■ **Description of the task**
Please give every line below again exactly, but not its pictures.

Collected data entries:
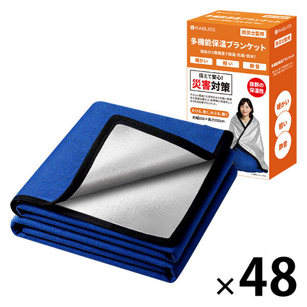 多機能 保温ブランケット 48個/ケース 防災グッズ リバーシブル 5層構造 ブランケット 収納袋付 毛布 KO411 RABLISS(直送品)
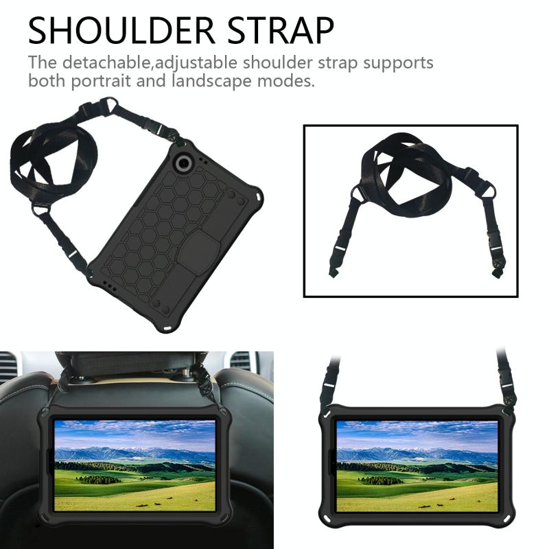 For Blackview Tab 60 8.7 2023 Honeycomb EVA Hybrid PC Tablet Case with Strap(Black+Black)
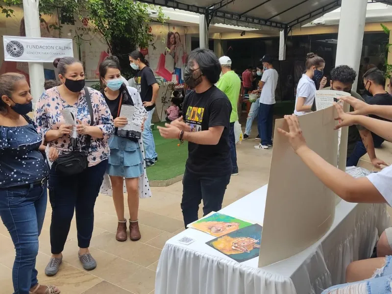 La inauguración del Mes de los Murciélagos contó con una exposición fotográfica y con la divulgación de la cartilla de los Murciélagos de Cali y sus Alrededores (disponible aquí), que permitieron dar a conocer la diversidad de estas especies. Además, durante el evento los estudiantes impartieron charlas y animaron un conjunto de actividades lúdicas que atrajeron a niños y adultos, acercando a personas de todas las edades al conocimiento de los murciélagos. Se realizaron sesiones de arte en origami y dibujo, donde los participantes pudieron aprender dónde viven y de qué se alimentan los murciélagos. También se hicieron juegos que permitían aprender sobre el papel de los murciélagos como agentes dispersiones de semillas y controladores de plagas. De todas las actividades recreativas, ponle la hoja nasal al murciélago y arma el rompecabezas fueron las que más visitantes recibieron. Además, se estableció una zona donde todos los participantes podían dejar mensajes sobre su experiencia en el evento. En general niños y adultos mostraron gran entusiasmo por aprender sobre los murciélagos y participar en las actividades.
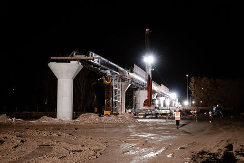 Work on the third metro line in Toulouse: night-time launching of the viaduct
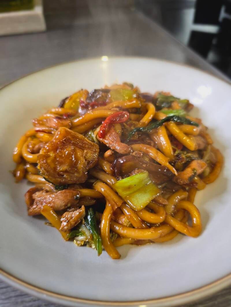 - Voeg vervolgens de udon noodles en woksaus toe.
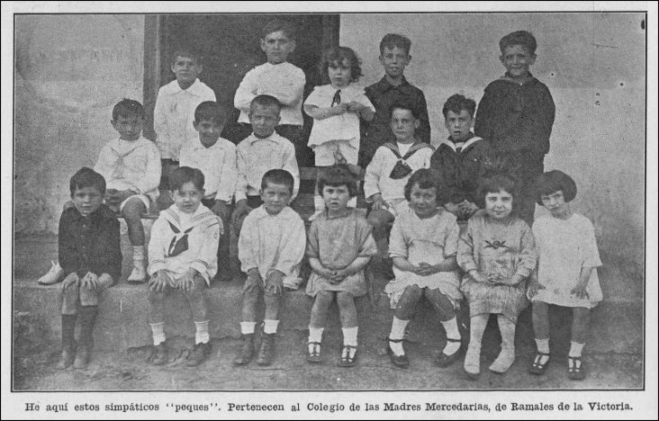 He aquí estos simpáticos «peques». Pertenecen al colegio de las Madres Mercedarias, de Ramales de la Victoria. La Montaña: revista semanal de la colonia montañesa; Año XIII Número 14. Habana 31 de Julio de 1928.
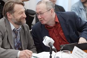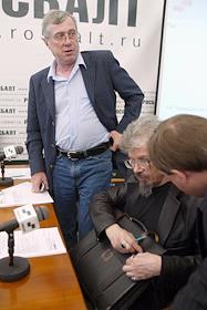 Генеральный директор Совета по национальной стратегии (СНС), политолог Валерий Хомяков (стоит) и писатель, лидер Национал-большевистской партии (НБП) Эдуард Лимонов (сидит) на экспертной дискуссии "Российский триколор с "оранжевым" оттенком, или Факторы нестабильности 2005 - 2008". Дискуссия прошла в ИА "Росбалт".
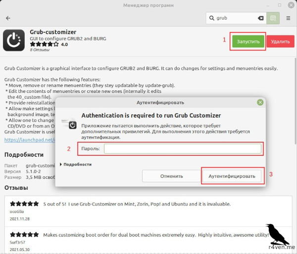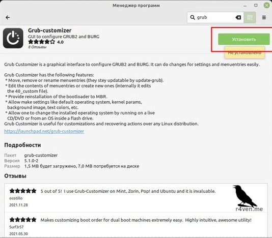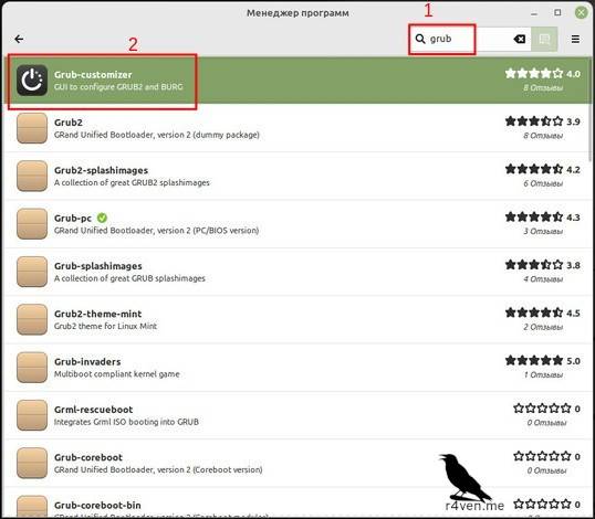 Заходим в менеджер программ (при первом запуске некоторое время займёт создание кэша), вбиваем в поиск «grub», находим в списке «Grub-customizer» и выбираем его:

■ **Expected answer**
 多機能 保温ブランケット 48個/ケース 防災グッズ リバーシブル 5層構造 ブランケット 収納袋付 毛布 KO411 RABLISS(直送品)
 For Blackview Tab 60 8.7 2023 Honeycomb EVA Hybrid PC Tablet Case with Strap(Black+Black)
 La inauguración del Mes de los Murciélagos contó con una exposición fotográfica y con la divulgación de la cartilla de los Murciélagos de Cali y sus Alrededores (disponible aquí), que permitieron dar a conocer la diversidad de estas especies. Además, durante el evento los estudiantes impartieron charlas y animaron un conjunto de actividades lúdicas que atrajeron a niños y adultos, acercando a personas de todas las edades al conocimiento de los murciélagos. Se realizaron sesiones de arte en origami y dibujo, donde los participantes pudieron aprender dónde viven y de qué se alimentan los murciélagos. También se hicieron juegos que permitían aprender sobre el papel de los murciélagos como agentes dispersiones de semillas y controladores de plagas. De todas las actividades recreativas, ponle la hoja nasal al murciélago y arma el rompecabezas fueron las que más visitantes recibieron. Además, se estableció una zona donde todos los participantes podían dejar mensajes sobre su experiencia en el evento. En general niños y adultos mostraron gran entusiasmo por aprender sobre los murciélagos y participar en las actividades.
 Work on the third metro line in Toulouse: night-time launching of the viaduct
 - Voeg vervolgens de udon noodles en woksaus toe.
 He aquí estos simpáticos «peques». Pertenecen al colegio de las Madres Mercedarias, de Ramales de la Victoria. La Montaña: revista semanal de la colonia montañesa; Año XIII Número 14. Habana 31 de Julio de 1928.
 Генеральный директор Совета по национальной стратегии (СНС), политолог Валерий Хомяков (стоит) и писатель, лидер Национал-большевистской партии (НБП) Эдуард Лимонов (сидит) на экспертной дискуссии "Российский триколор с "оранжевым" оттенком, или Факторы нестабильности 2005 - 2008". Дискуссия прошла в ИА "Росбалт".
 Заходим в менеджер программ (при первом запуске некоторое время займёт создание кэша), вбиваем в поиск «grub», находим в списке «Grub-customizer» и выбираем его:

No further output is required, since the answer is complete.